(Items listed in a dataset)

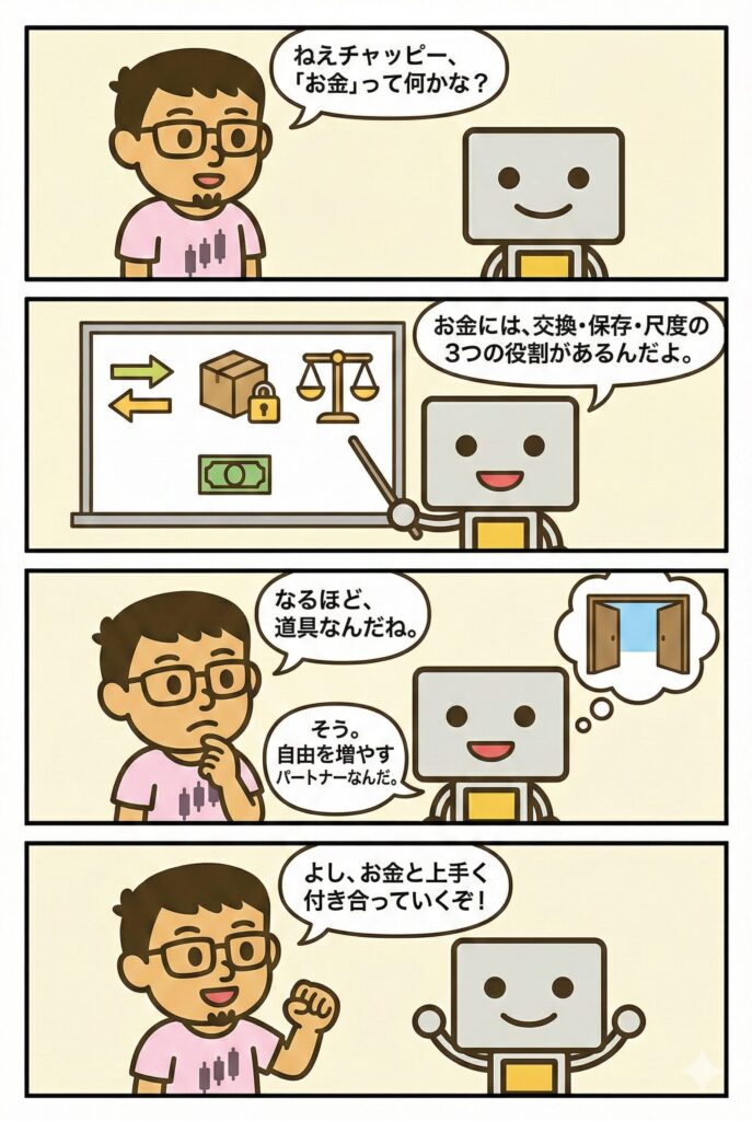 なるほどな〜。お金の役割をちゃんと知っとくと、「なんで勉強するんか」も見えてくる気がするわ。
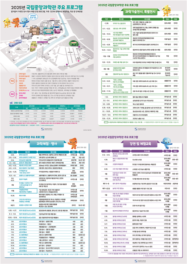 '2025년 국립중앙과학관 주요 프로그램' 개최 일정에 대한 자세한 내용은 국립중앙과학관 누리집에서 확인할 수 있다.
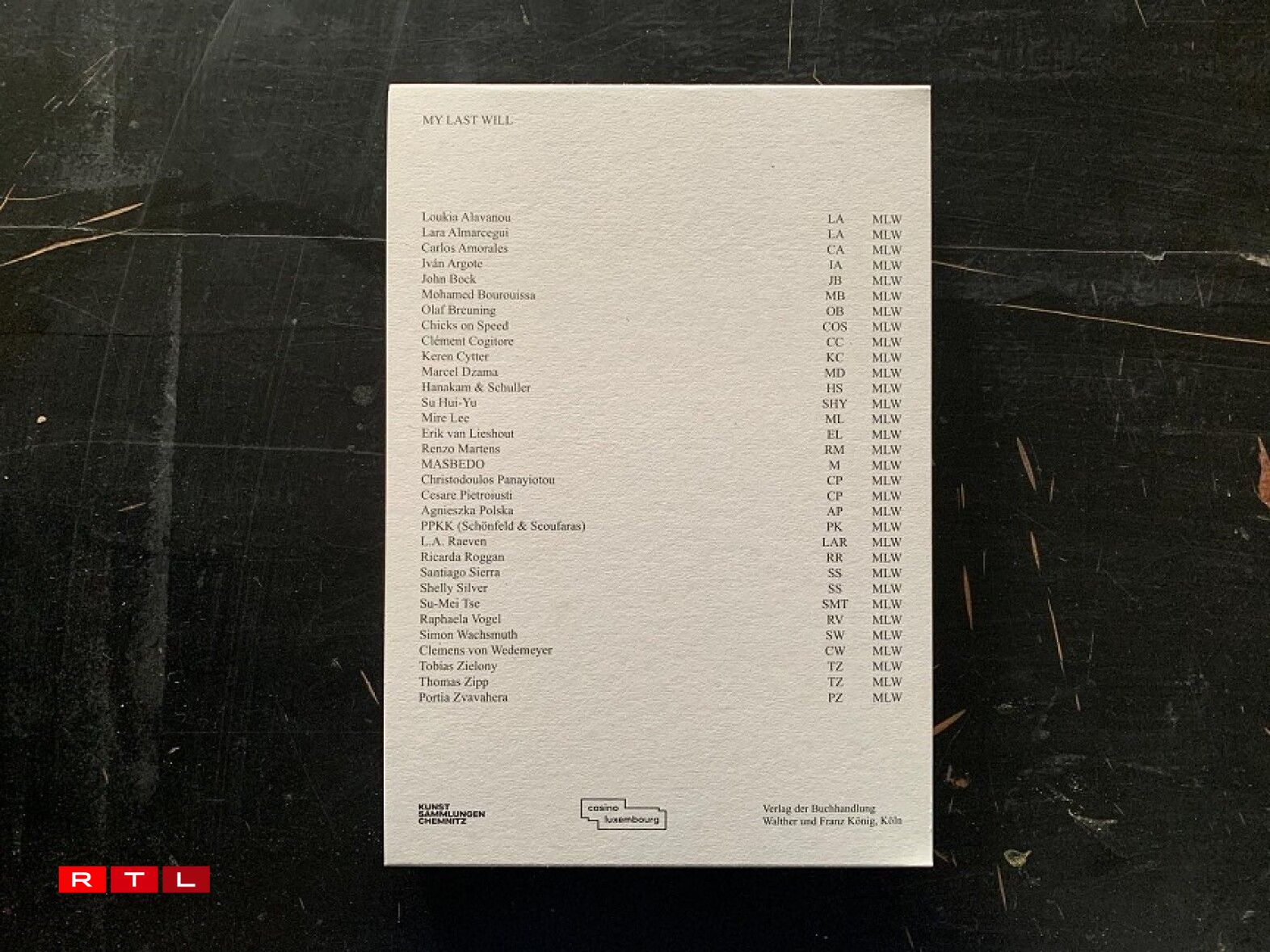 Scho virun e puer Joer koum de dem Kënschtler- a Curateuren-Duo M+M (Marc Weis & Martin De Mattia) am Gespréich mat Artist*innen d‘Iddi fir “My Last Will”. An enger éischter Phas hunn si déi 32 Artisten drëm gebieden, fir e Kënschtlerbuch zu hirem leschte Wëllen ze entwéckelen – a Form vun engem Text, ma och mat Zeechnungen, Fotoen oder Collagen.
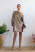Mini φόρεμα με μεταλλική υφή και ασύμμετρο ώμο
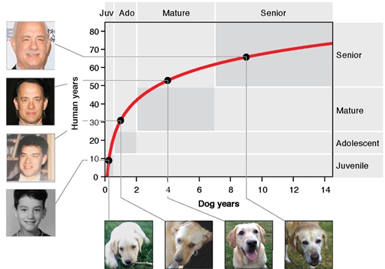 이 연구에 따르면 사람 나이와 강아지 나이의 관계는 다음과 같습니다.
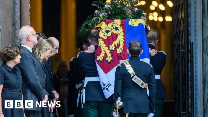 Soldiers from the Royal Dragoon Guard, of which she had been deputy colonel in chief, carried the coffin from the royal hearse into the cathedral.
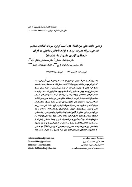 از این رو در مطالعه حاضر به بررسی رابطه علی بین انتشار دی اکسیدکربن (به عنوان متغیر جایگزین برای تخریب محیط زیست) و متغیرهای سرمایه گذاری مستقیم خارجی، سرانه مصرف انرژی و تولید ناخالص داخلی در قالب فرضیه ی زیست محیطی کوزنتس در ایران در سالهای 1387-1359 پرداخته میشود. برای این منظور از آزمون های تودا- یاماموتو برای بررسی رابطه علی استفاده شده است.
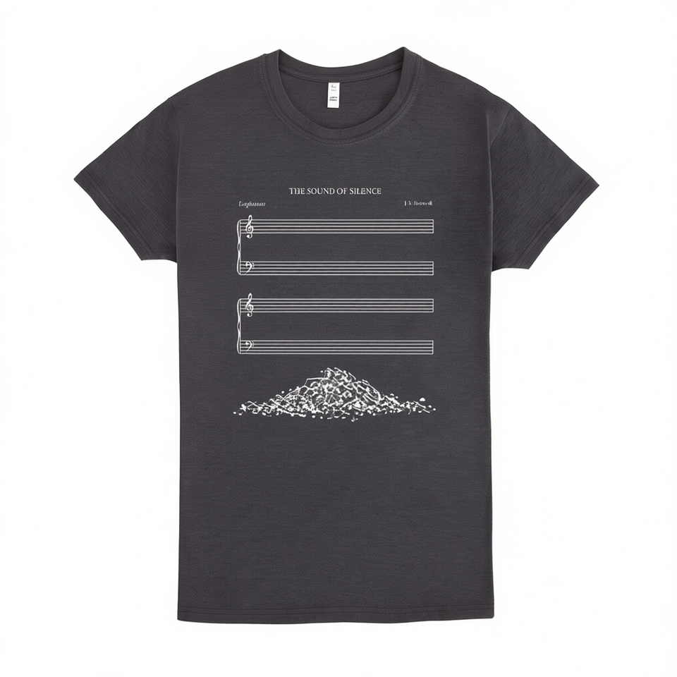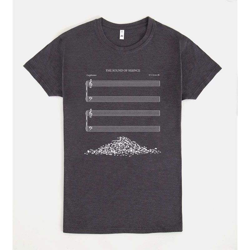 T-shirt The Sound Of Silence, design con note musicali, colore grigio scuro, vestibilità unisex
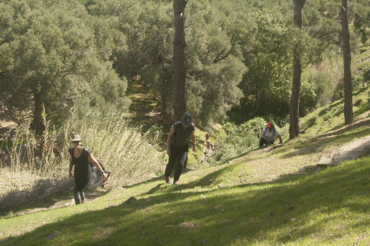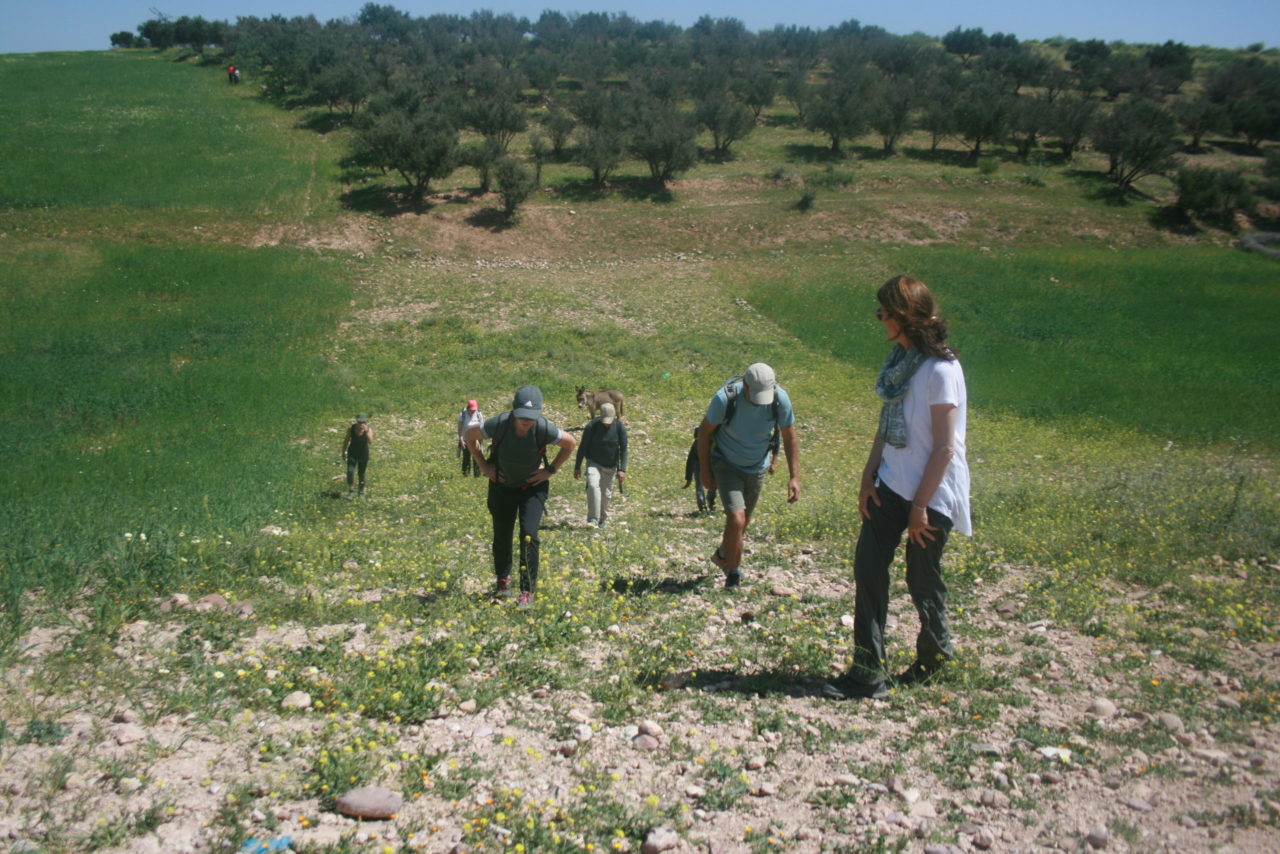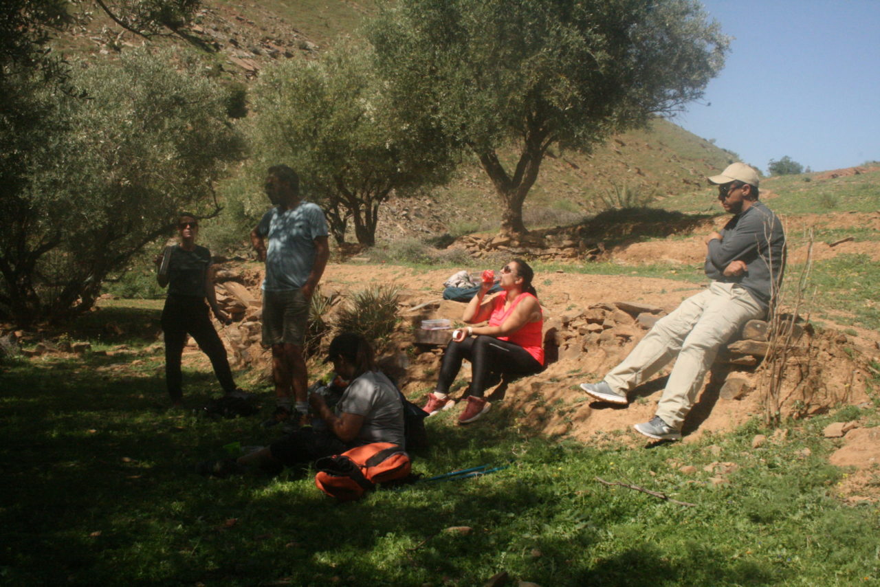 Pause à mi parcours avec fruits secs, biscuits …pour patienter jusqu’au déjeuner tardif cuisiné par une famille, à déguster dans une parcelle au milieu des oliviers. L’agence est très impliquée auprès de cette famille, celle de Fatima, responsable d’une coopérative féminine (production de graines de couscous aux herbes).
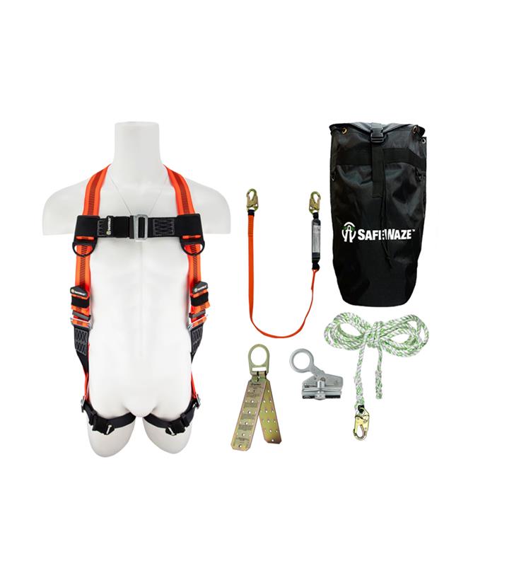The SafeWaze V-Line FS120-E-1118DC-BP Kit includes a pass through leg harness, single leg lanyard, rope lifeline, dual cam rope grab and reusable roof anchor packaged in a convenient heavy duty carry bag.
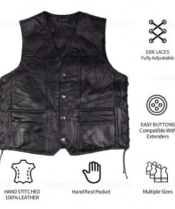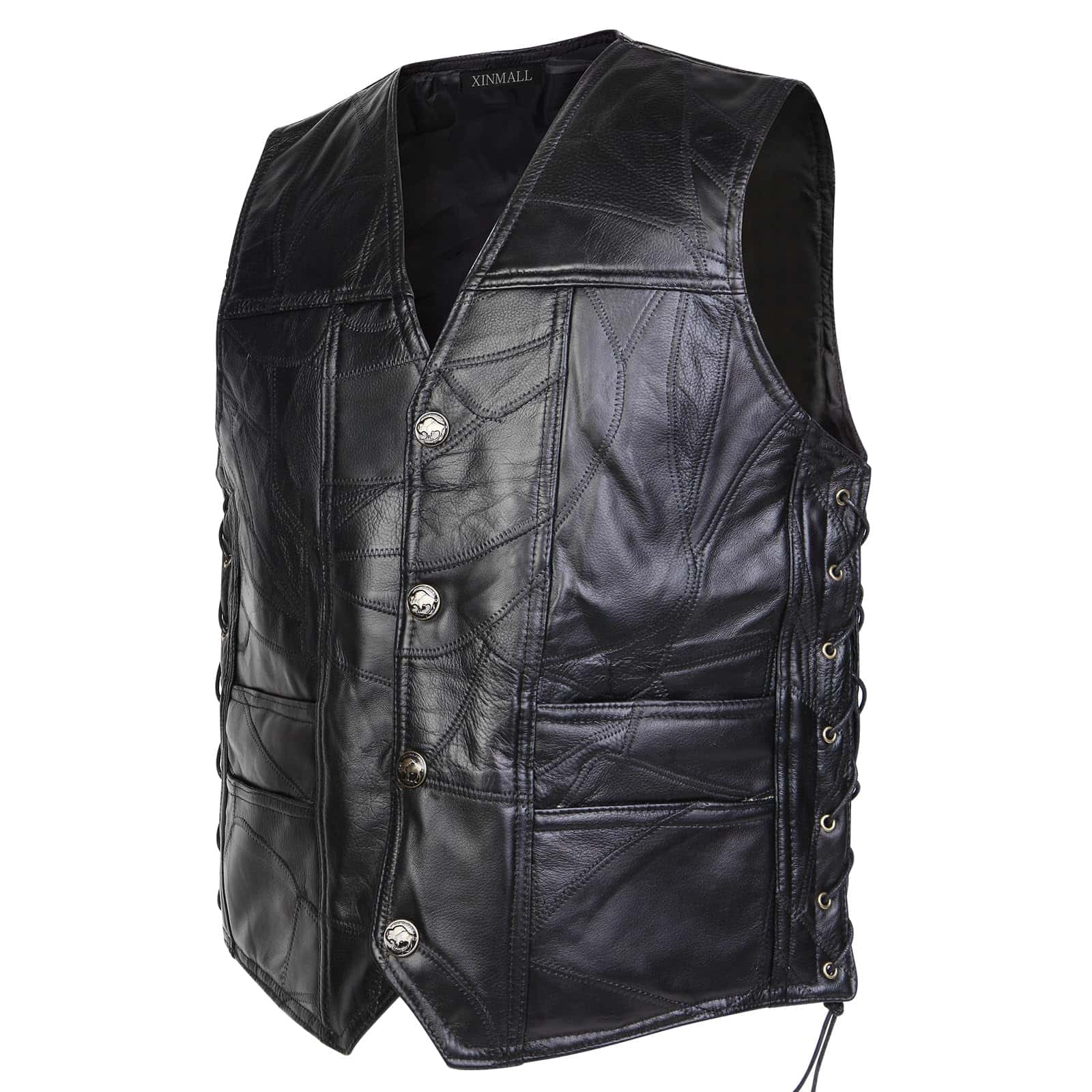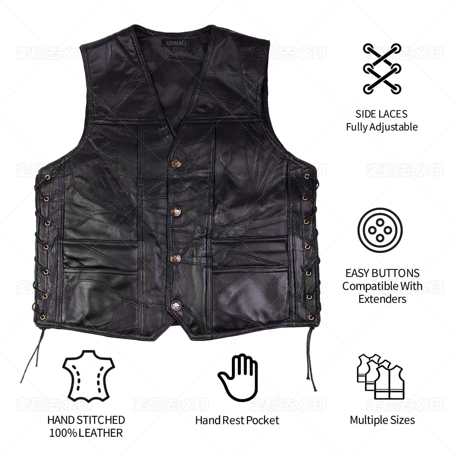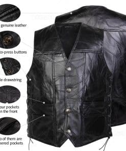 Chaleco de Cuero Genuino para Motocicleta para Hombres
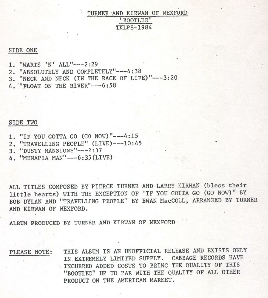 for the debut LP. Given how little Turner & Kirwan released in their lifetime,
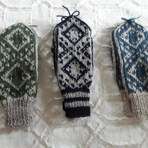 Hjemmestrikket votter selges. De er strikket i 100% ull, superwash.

- Description of the task: Make an exact copy of the records from their first line through the line containing "T-shirt The Sound", both ends included, with the pictures omitted.

- Your response:
 なるほどな〜。お金の役割をちゃんと知っとくと、「なんで勉強するんか」も見えてくる気がするわ。
 '2025년 국립중앙과학관 주요 프로그램' 개최 일정에 대한 자세한 내용은 국립중앙과학관 누리집에서 확인할 수 있다.
 Scho virun e puer Joer koum de dem Kënschtler- a Curateuren-Duo M+M (Marc Weis & Martin De Mattia) am Gespréich mat Artist*innen d‘Iddi fir “My Last Will”. An enger éischter Phas hunn si déi 32 Artisten drëm gebieden, fir e Kënschtlerbuch zu hirem leschte Wëllen ze entwéckelen – a Form vun engem Text, ma och mat Zeechnungen, Fotoen oder Collagen.
Mini φόρεμα με μεταλλική υφή και ασύμμετρο ώμο
 이 연구에 따르면 사람 나이와 강아지 나이의 관계는 다음과 같습니다.
 Soldiers from the Royal Dragoon Guard, of which she had been deputy colonel in chief, carried the coffin from the royal hearse into the cathedral.
 از این رو در مطالعه حاضر به بررسی رابطه علی بین انتشار دی اکسیدکربن (به عنوان متغیر جایگزین برای تخریب محیط زیست) و متغیرهای سرمایه گذاری مستقیم خارجی، سرانه مصرف انرژی و تولید ناخالص داخلی در قالب فرضیه ی زیست محیطی کوزنتس در ایران در سالهای 1387-1359 پرداخته میشود. برای این منظور از آزمون های تودا- یاماموتو برای بررسی رابطه علی استفاده شده است.
 T-shirt The Sound Of Silence, design con note musicali, colore grigio scuro, vestibilità unisex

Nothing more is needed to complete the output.